*** Data excerpt Section Begins ***

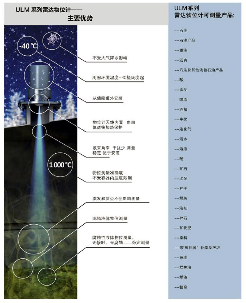 ULM 系列物位計適用于在各種復雜工況下的物位的測量,利馬克公司將會根據您的項目特點、工況和技術要求為您推薦和選擇最適合的雷達物位計和測量方法。
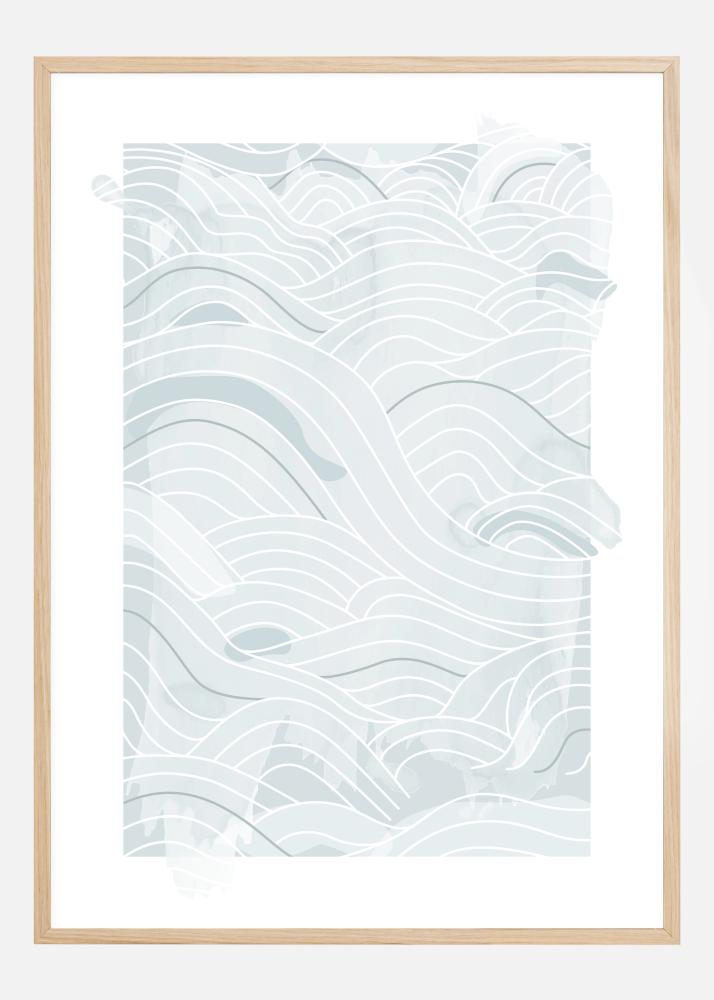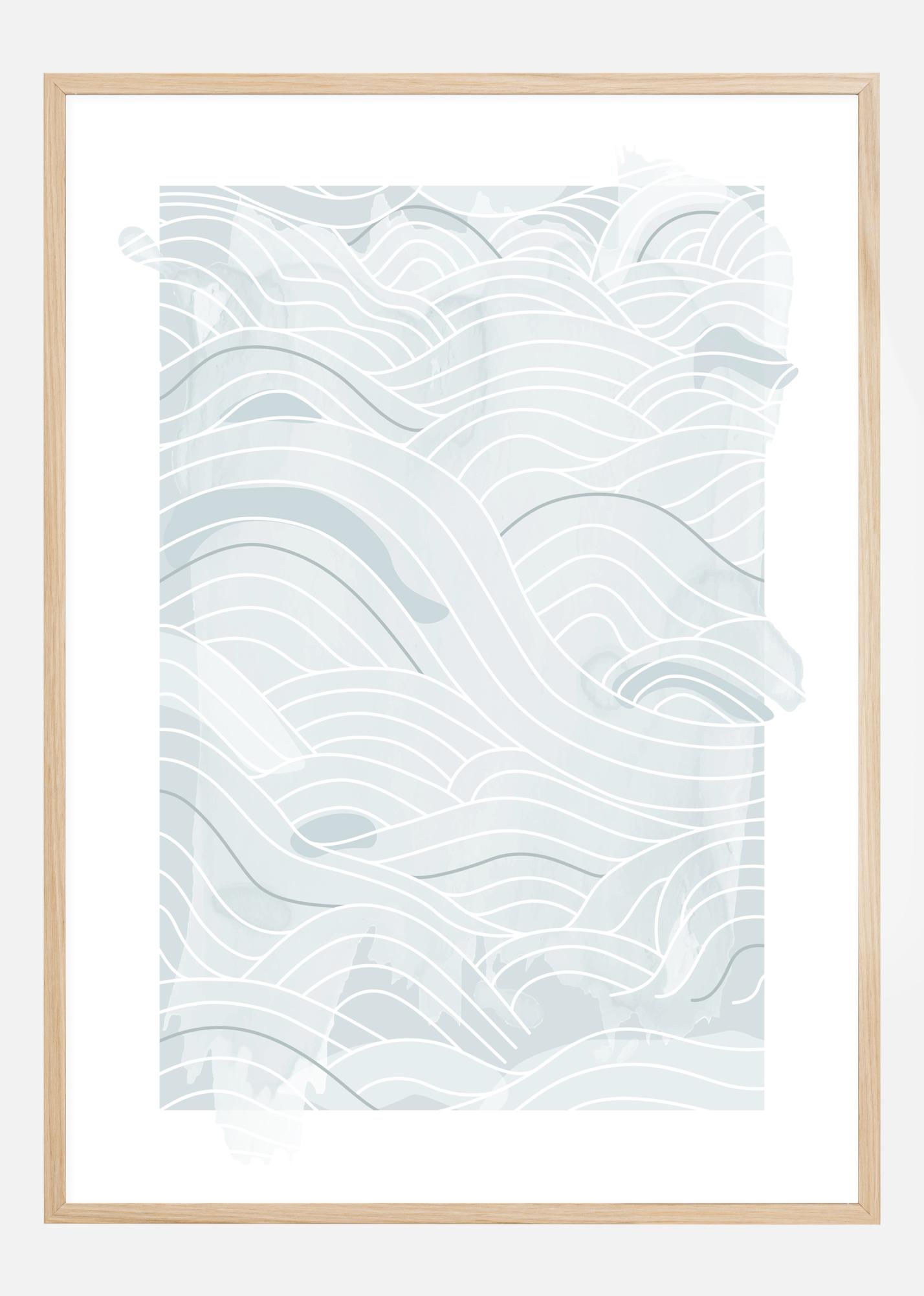Um póster marítimo com linhas abstratas e ondas azuis suaves num fundo branco. Diferentes tons de azul e espessuras de linha são combinados para criar essas ondas fluidas pela página. deixe a sua mente vagar e se deixe envolver por esse padrão marítimo suave.
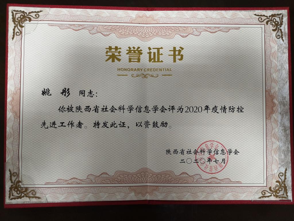 近日,陕西省社会科学信息学会召开了2020年陕西省图书情报档案学术年会。会上,对各成员馆在疫情防控工作中涌现出的先进集体和先进个人进行了表彰。必赢官网图书馆姚彤同志被评为先进个人,也是全省高职院校唯一一位获此荣誉者。
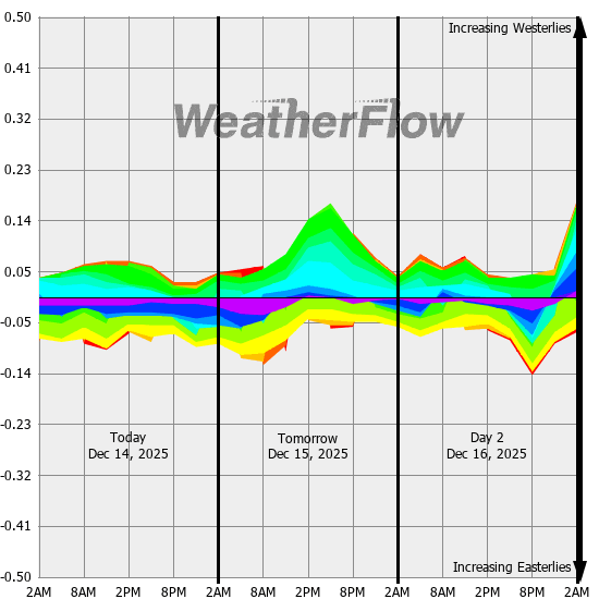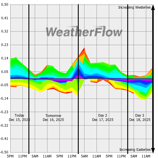 Computer forecast models generally can not resolve the topography of the Gorge and hence model predicted winds are often inaccurate. However, models can predict localized air pressure changes with a great deal of accuracy and it's these pressure differences (gradients) that drive the winds through the Gorge. The above "windbow" is a tool that our Meteorologists have developed to provide a powerful quick look of model predicted gradients.

*** Data excerpt Section Ends ***

**What needs to be done:** The pictures should be dropped, and every line above should be set down again exactly.

**Output of the task:**
 ULM 系列物位計適用于在各種復雜工況下的物位的測量,利馬克公司將會根據您的項目特點、工況和技術要求為您推薦和選擇最適合的雷達物位計和測量方法。
Um póster marítimo com linhas abstratas e ondas azuis suaves num fundo branco. Diferentes tons de azul e espessuras de linha são combinados para criar essas ondas fluidas pela página. deixe a sua mente vagar e se deixe envolver por esse padrão marítimo suave.
 近日,陕西省社会科学信息学会召开了2020年陕西省图书情报档案学术年会。会上,对各成员馆在疫情防控工作中涌现出的先进集体和先进个人进行了表彰。必赢官网图书馆姚彤同志被评为先进个人,也是全省高职院校唯一一位获此荣誉者。
 Computer forecast models generally can not resolve the topography of the Gorge and hence model predicted winds are often inaccurate. However, models can predict localized air pressure changes with a great deal of accuracy and it's these pressure differences (gradients) that drive the winds through the Gorge. The above "windbow" is a tool that our Meteorologists have developed to provide a powerful quick look of model predicted gradients.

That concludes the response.